**EXERCISE AIM**
Beginning with the line that contains "Markisenhalterung zur Montage", copy each subsequent line of the data below through the last one, including both ends but not the pictures.

**DATASET EXTRACT**
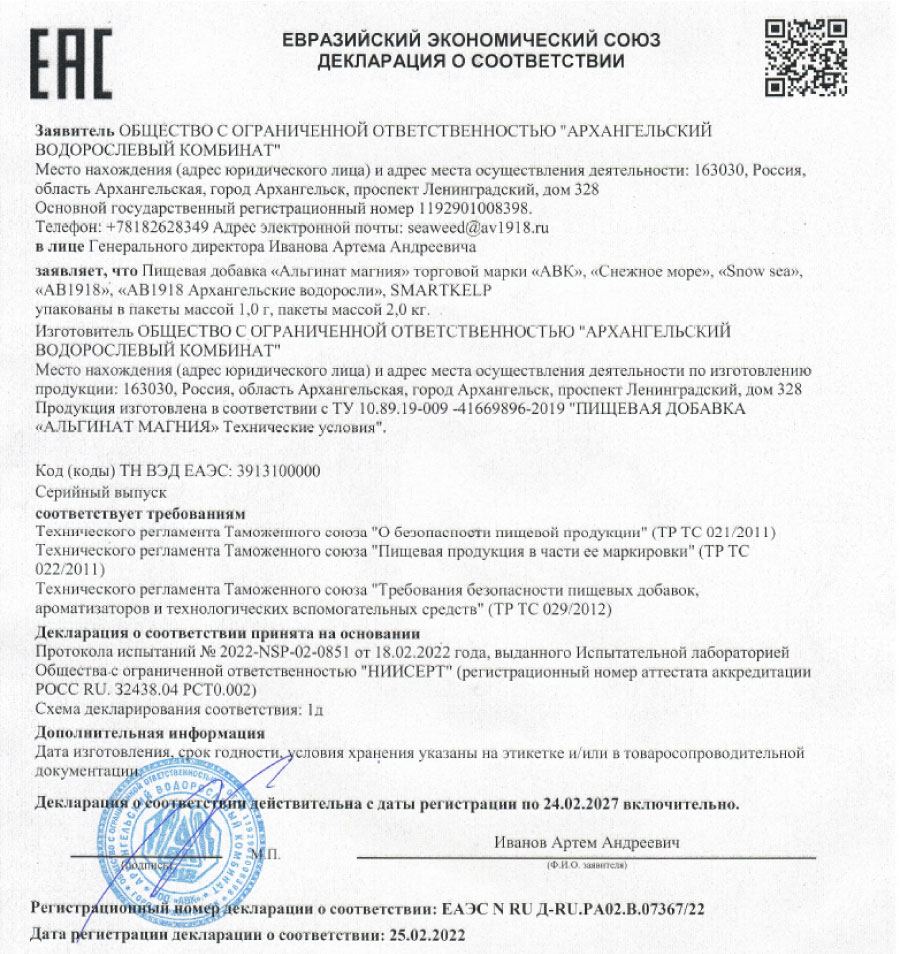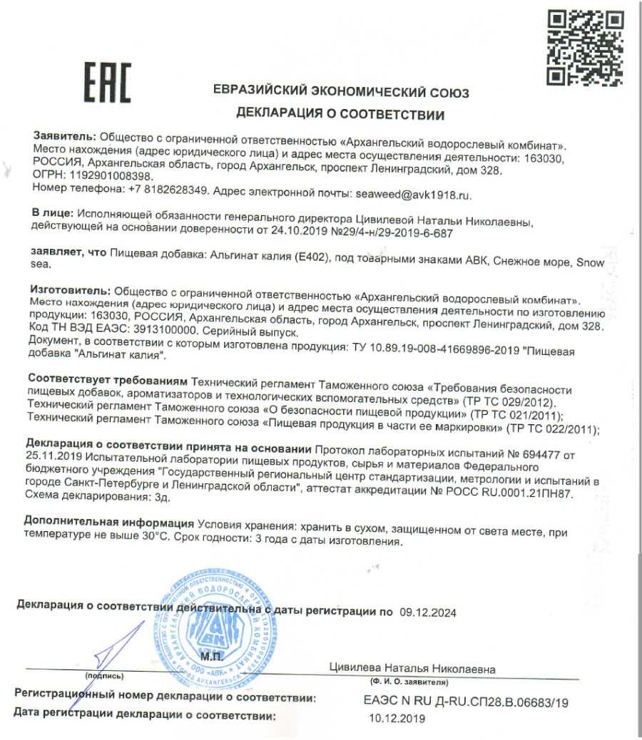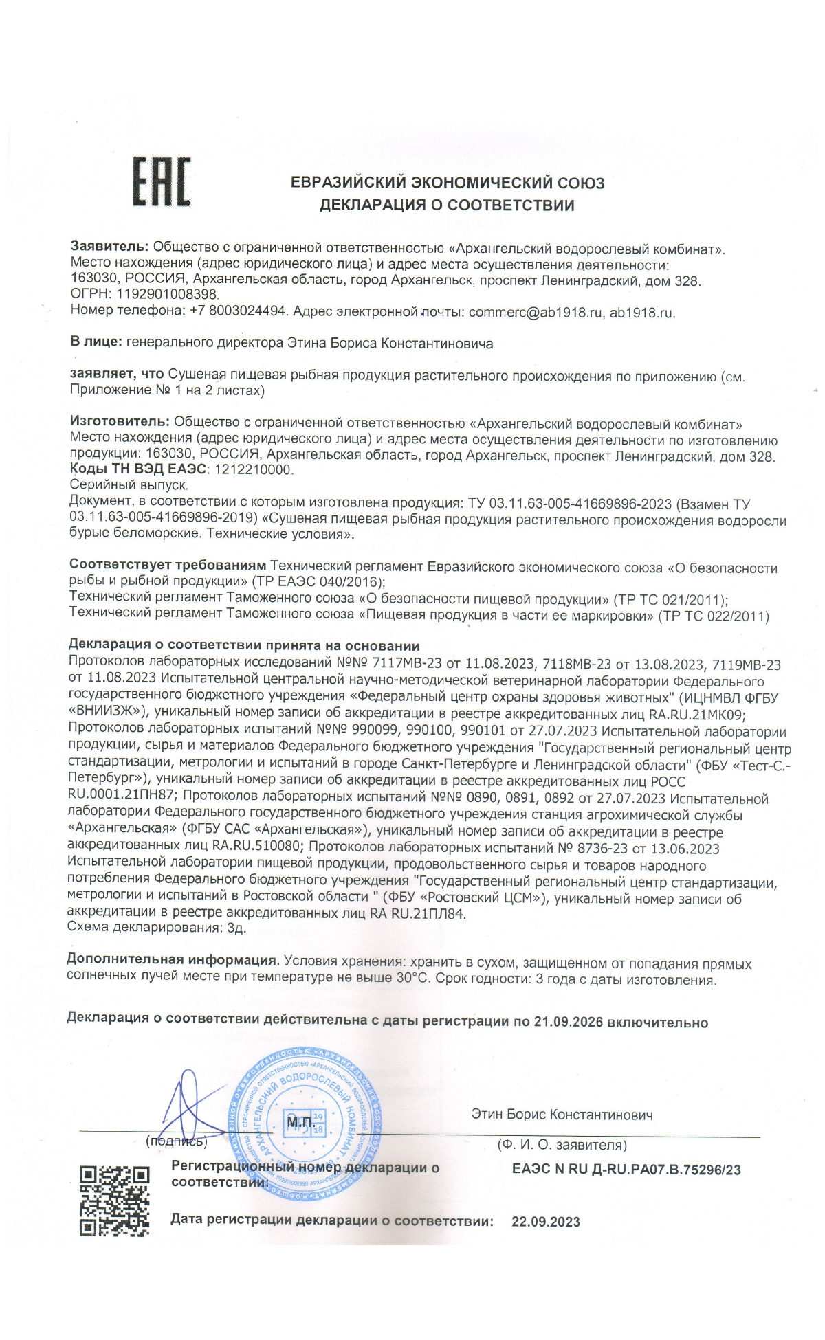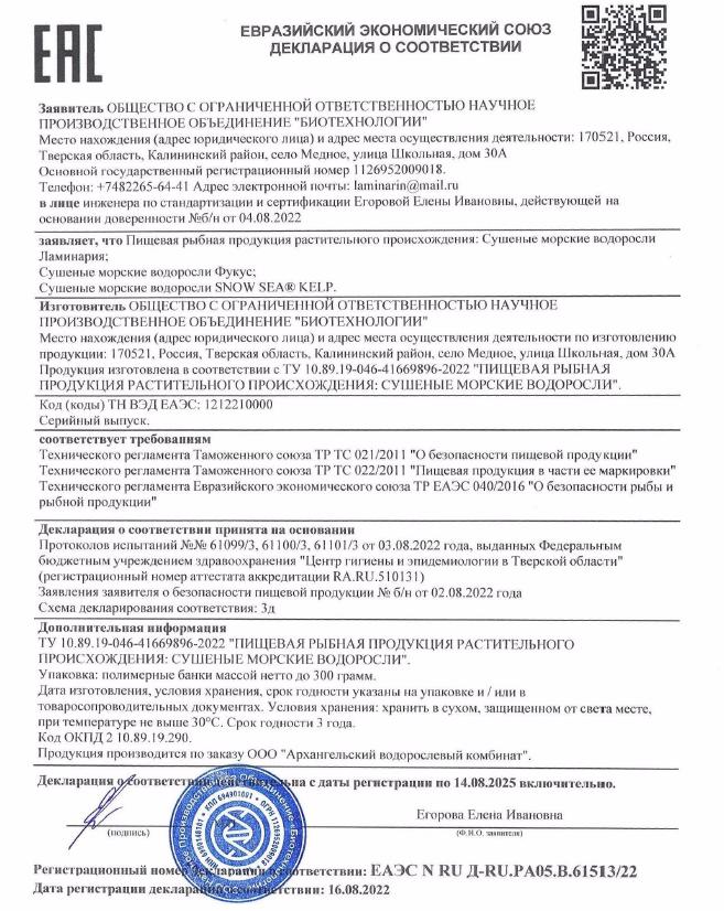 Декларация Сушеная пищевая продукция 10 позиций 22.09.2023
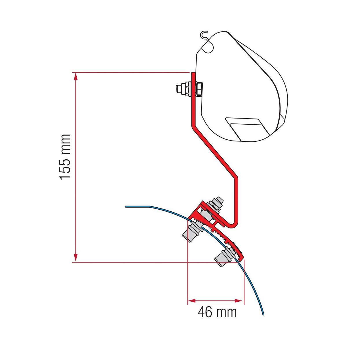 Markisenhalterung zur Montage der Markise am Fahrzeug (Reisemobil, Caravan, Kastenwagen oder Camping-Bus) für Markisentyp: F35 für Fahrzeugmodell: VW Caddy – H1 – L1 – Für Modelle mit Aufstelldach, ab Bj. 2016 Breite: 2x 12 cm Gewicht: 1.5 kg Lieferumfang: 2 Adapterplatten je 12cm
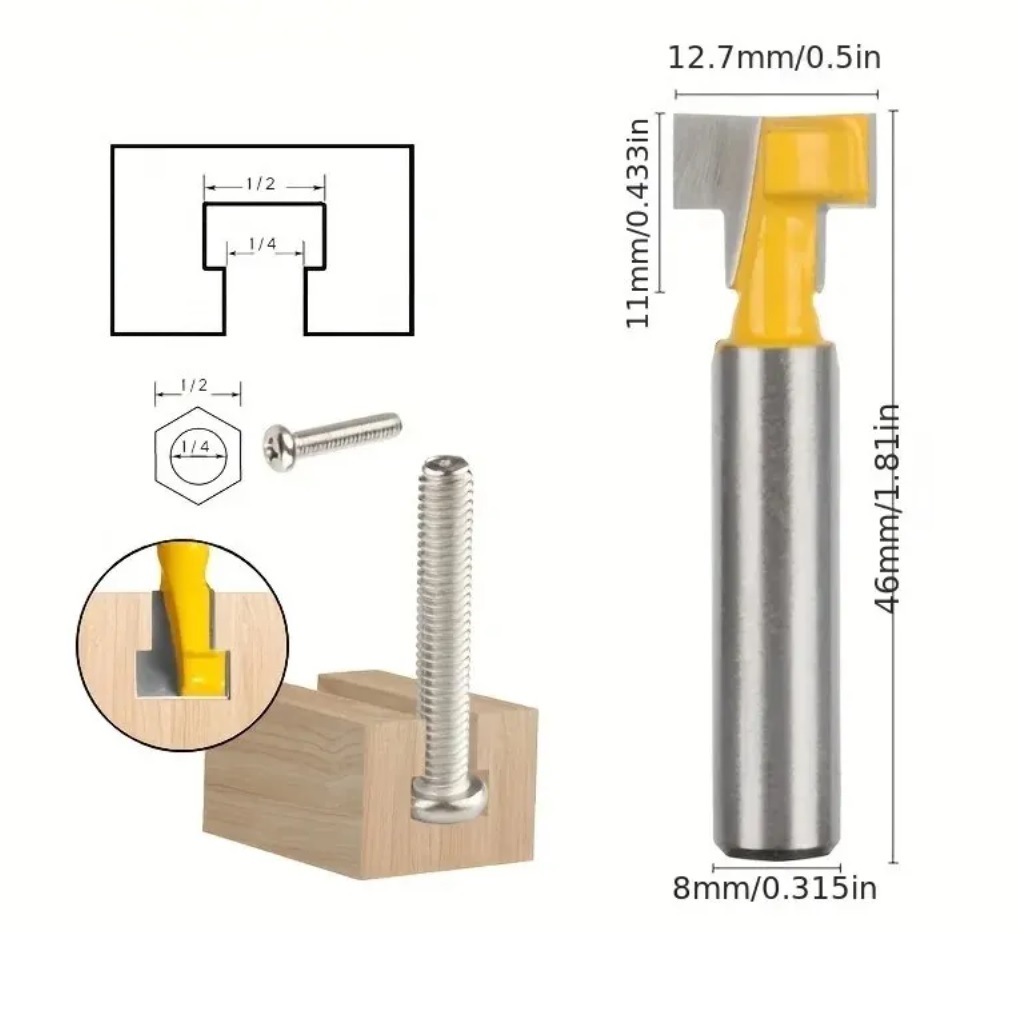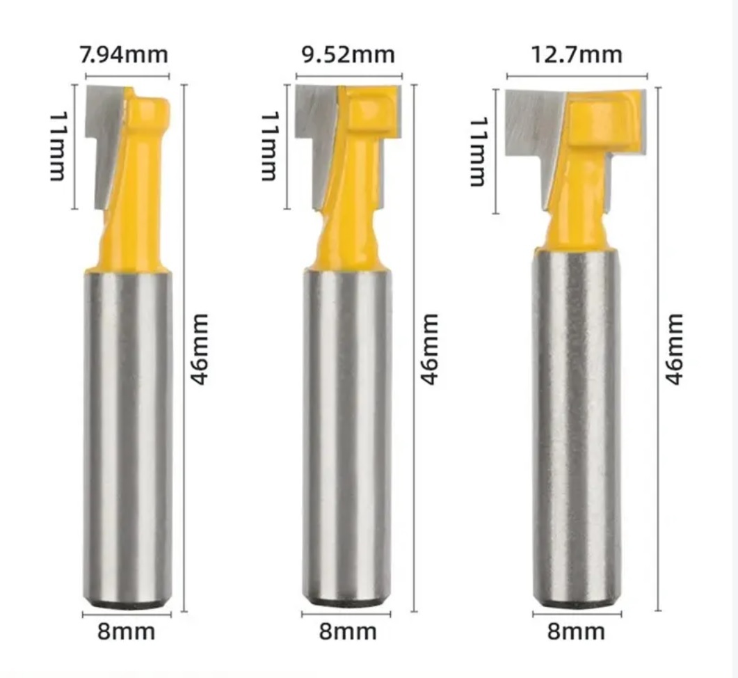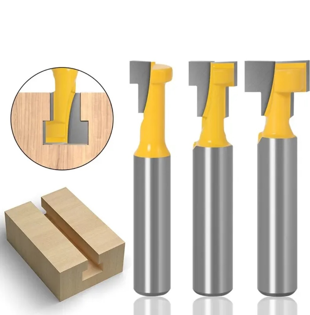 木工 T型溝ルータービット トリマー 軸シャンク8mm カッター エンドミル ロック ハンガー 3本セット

**FINISHED TASK**
 Markisenhalterung zur Montage der Markise am Fahrzeug (Reisemobil, Caravan, Kastenwagen oder Camping-Bus) für Markisentyp: F35 für Fahrzeugmodell: VW Caddy – H1 – L1 – Für Modelle mit Aufstelldach, ab Bj. 2016 Breite: 2x 12 cm Gewicht: 1.5 kg Lieferumfang: 2 Adapterplatten je 12cm
 木工 T型溝ルータービット トリマー 軸シャンク8mm カッター エンドミル ロック ハンガー 3本セット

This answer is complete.